Fast Forward: Electrons vs. Photons

Maximum PC Staff

I’ve seen the light, and it’s dark. Intel’s new Thunderbolt technology, formerly code-named Light Peak, is making its debut as something more like Copper Peak. Instead of the futuristic fiber-optic cables we were promised, we’re getting plain old copper cables that would be passably familiar to Thomas Edison.

Score another victory for electrons. They may be tiny, but they’re wiry. (Ahem.) Not easily will they be shoved aside by photons (which, after all, are massless). Someday, fiber optics will replace most of our copper, but that day has not yet arrived.

Who snuffed out the light in Light Peak? One culprit is Intel’s intrepid Light Peak engineering team, which managed to wring more throughput from copper than expected. Thunderbolt combines PCI Express with DisplayPort on a single serial cable with two bidirectional channels, providing 10 gigabits per second per channel. That performance matches Intel’s initial goal for an optical cable.

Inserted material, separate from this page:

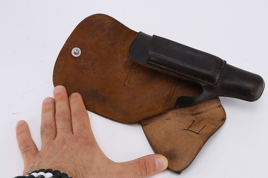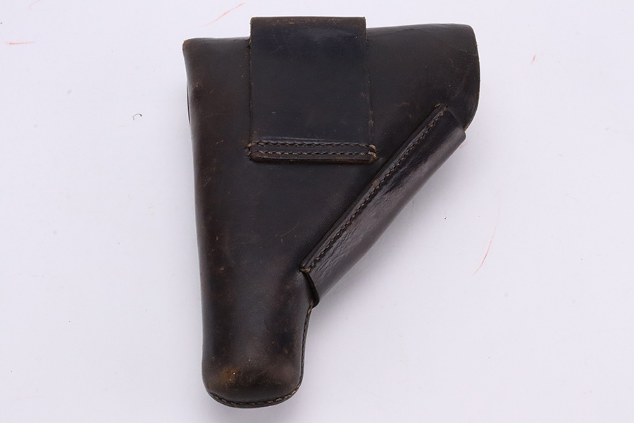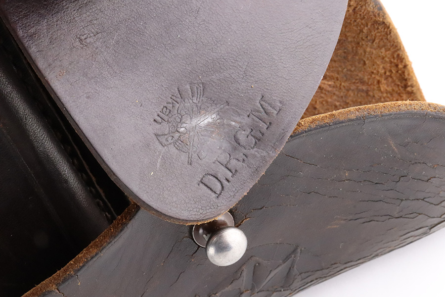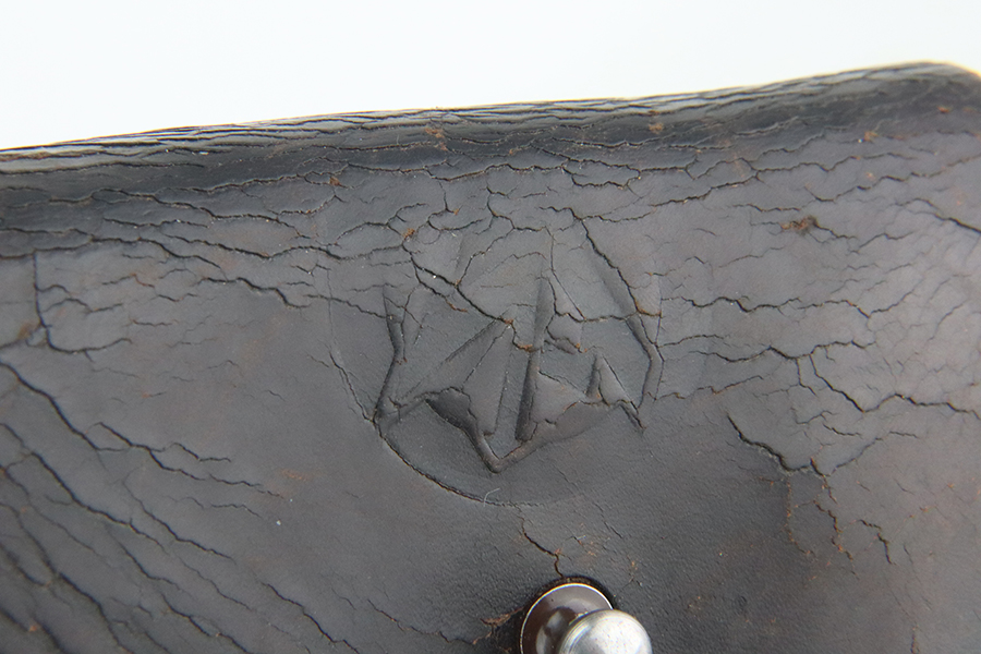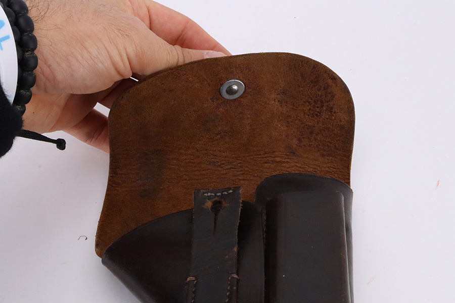 5/8/24 – This is a nice example of a rare SA holster for a Walther PP manufactured by Akah during the WW2 era. The leather of this holster is all intact and the stitching is in good condition. The SA stamp on the flap is pronounced, despite some wrinkling of the flap’s leather. The maker mark under the closer strap has some rub wear but still features pronounced “AKAH” lettering and “D.R.G.M.”. The closure strap is in fair condition showing some wrinkling throughout. Overall the holster is in fair condition and its structural integrity is intact.

Such speeds are not new for copper—10-gigabit Ethernet has been around for years—but sustaining that performance over long cables without data errors is difficult. Consequently, Thunderbolt’s copper cables are limited to about 3 meters. For longer runs, Intel will introduce extended optical cables later this year.

The other culprit working against photons is cost. Electrical connections are cheaper than optical connections, which matters a lot to the PC industry’s razor-thin profit margins. It’s not that copper wire is cheaper than glass fiber. It’s that photons can’t replace electrons entirely. Microprocessors and memory chips are electrical circuits, which need electrons. Although optical cables can carry data signals as photons, each cable termination requires a special interface chip that converts photons into electrons or vice versa.

It turns out that Intel is the only source for Thunderbolt interface chips, because Thunderbolt is Intel’s proprietary technology. It’s a “standard” only in the sense that anyone can implement Thunderbolt on a computer, display, or peripheral—if they buy the chips from Intel. Lack of competition tends to keep costs higher.

Thunderbolt is more thunder and less lightning than many people expected. Still, it’s an important step toward a photonic future.